Na eleição de 2018, Lula declarou patrimônio de R$ 8 milhões, em valores da época. Naquele ano, em que estava preso, ele teve a candidatura barrada pela Lei da Ficha Limpa e foi substituído por Fernando Haddad (PT).
Já Geraldo Alckmin (PSB), candidato a vice na chapa de Lula, declarou ter R$ 3,3 milhões, um aumento em relação a 2022, quando indicou patrimônio de R$ 1 milhão.
Além dos bens já declarados em 2022, que incluem um apartamento de R$ 324 mil em São Paulo e terrenos em Pindamonhangaba (SP), Alckmin agora lista um carro no valor de R$ 41 mil e uma série de aplicações financeiras.
Em planos de previdência privada no modelo VGBL, Alckmin soma cerca de R$ 1 milhão ante R$ 316 mil há quatro anos.
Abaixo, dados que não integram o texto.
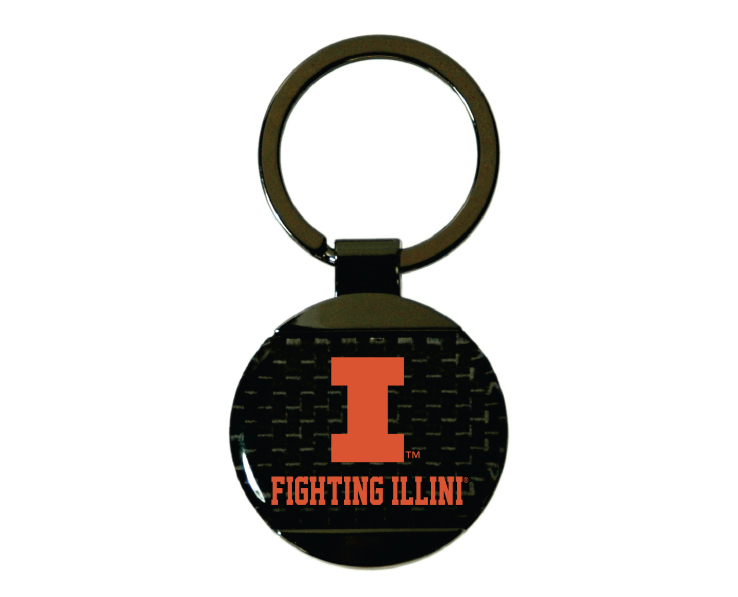 Officially Licensed Product. Illinois Fighting Illini Support your team with the high tech carbon fiber finish on this metal keychain. 12 pieces in inner pack 144 per case.

O maior montante, contudo, está investido em aplicações de renda fixa, num total de R$ 1,48 milhão.
Além da prestação de contas em relação aos seus bens, Lula também entregou ao TSE seu plano de governo para um eventual quarto mandato. O texto traz propostas de mudanças no sistema de emendas parlamentares e um reforço a temas caros para a sigla, como defesa da soberania, regulamentação das redes e o fim da escala 6x1.
Até a tarde deste sábado (8), além de Lula, já foram apresentadas ao TSE as informações sobre as candidaturas à Presidência da República de Renan Santos (Missão), Romeu Zema (Novo), Hertz Dias (PSTU) e Samara (UP).
Zema declarou o maior valor total de bens, somando R$ 178,8 milhões.
Em 2022, o TSE restringiu a divulgação de informações sobre os bens dos candidatos. Agora, apenas dados genéricos sobre o patrimônio ficam disponíveis no sistema oficial, o que impede saber a localização de imóveis e modelos de veículos, por exemplo.
A medida, que tem como base a LGPD (Lei Geral de Proteção de Dados), é apontada por especialistas como um grave retrocesso na transparência eleitoral.
Os dados de pedido de registro de candidaturas são divulgados a qualquer cidadão no site Divulgacand, da Justiça Eleitoral.